What the fuck am I? I seriously think my funny name of the Goodwill Vagina is starting to ring true. Shit I’m not your trainer, I’m not your coach, I’m not your instructor. I’m not your practice. I want some fucking good sex. You know maybe this should be an add on to my business. Sex instructor and I start charging these schlepps for their “encounters” with me. I mean I love my friend to death, he’s awesome, but seriously “making progress”? should I have been grading you? Maybe I should start charging for my “lessons” but then I’d be a hooker. This is insane. And the shitty thing is I’m so nice I actually am going to try again with the doctor. I keep asking myself why. I think it’s because I have a small desire to corrupt him from his Indian heritage and make him dirty.
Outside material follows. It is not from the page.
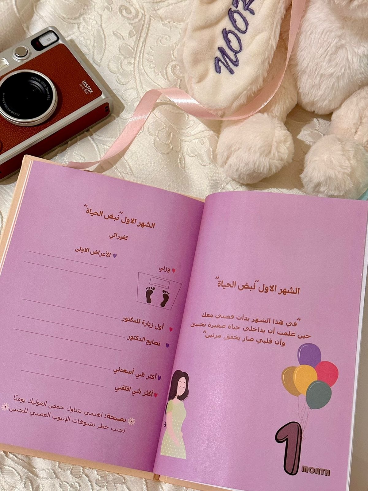 مساحة لكِ وحدكِ: المفكرة مُصممة لتحتوي مشاعركِ وأفكاركِ وتفاصيلكِ الصغيرة، وتمنحكِ إحساس الاحتواء والدفء خلال رحلة الحمل المليئة بالتحولات.سجل نبضات البداية: تبدأ معكِ منذ اللحظة التي عرفتِ فيها الخبر، موثقةً أول مشاعر، أول زيارة طبيب، وحتى أول نبضة سمعتيها بوضوح.تنظيم شهري متعمق: تشتمل على صفحات مُصممة خصيصاً لكل شهر (من الأول حتى التاسع)، لتسجيل الأعراض الجسدية، الملاحظات الطبية، وأحلامكِ الليلية.مرافقة ما بعد اللقاء: لا تنتهي المفكرة بالولادة، بل تتضمن مساحة خاصة لتوثيق تفاصيل يوم اللقاء الكبير ، وأول صورة، وأعمق المشاعر التي تلت الولادة.تصميم يُلامس الروح: تأتي بتصميم هادئ ومريح، يركز على التجربة والشعور أكثر من الجداول الصارمة، مما يجعل الكتابة متعة وليست واجباً.هوية عربية أصيلة: المفكرة هي تصميم سعودي فريد، كُتب بعناية فائقة ليلائم ثقافتنا ويتحدث بلسان قلب الأم العربية.

However I did tell him we aren’t having sex for a while, we’re going to go out and I’m going to loosen him up a few times so he stops being such a stiff board around me. His explanation for why he was so weird the last time I was there is as follows: “I’m sorry! I didn’t know I came of like that! I was busy cleaning because I want my place to be clean for you…. Crap! Really sorry! I really liked what we had when I came out to *********, and just driving around and being me around you.” Dude sounds extremely high strung. He needs to party with me a bit. So I think I’m going to find a party this weekend.
But seriously why can’t I find another man whore who’s available more. Is a nice guy, gets to know me, AND is good in bed without needing to be shown what to do. I’ve been asking that for four years. I found the Illinois guy but he had his own issues. So he wasn’t the right fit either. Now I’m just annoyed and frustrated. It’s not that hard to please me in bed. I just need you to not have to wash your hands after you have them inside my vagina, and I need you to not need instructions every five seconds. I really am not that difficult to please in bed. Actually I’m not even all that fantastic. I don’t like getting on top! I mean how good can I be when I don’t even like to do the work 😉 I can give an awesome blow job though, that I won’t deny. I’m going to start telling people I work at McDonald’s. Who am I kidding. I get a secret thrill out of dropping the bomb when I say what I do for a living. It’s a little fun thing I like to do out at the bar lol. But then later when they are stupid in bed I kick myself for not acting like I’m a dumbass in bed. I wonder if I would have more luck if I laid there and didn’t make a sound or move. I should try that some time.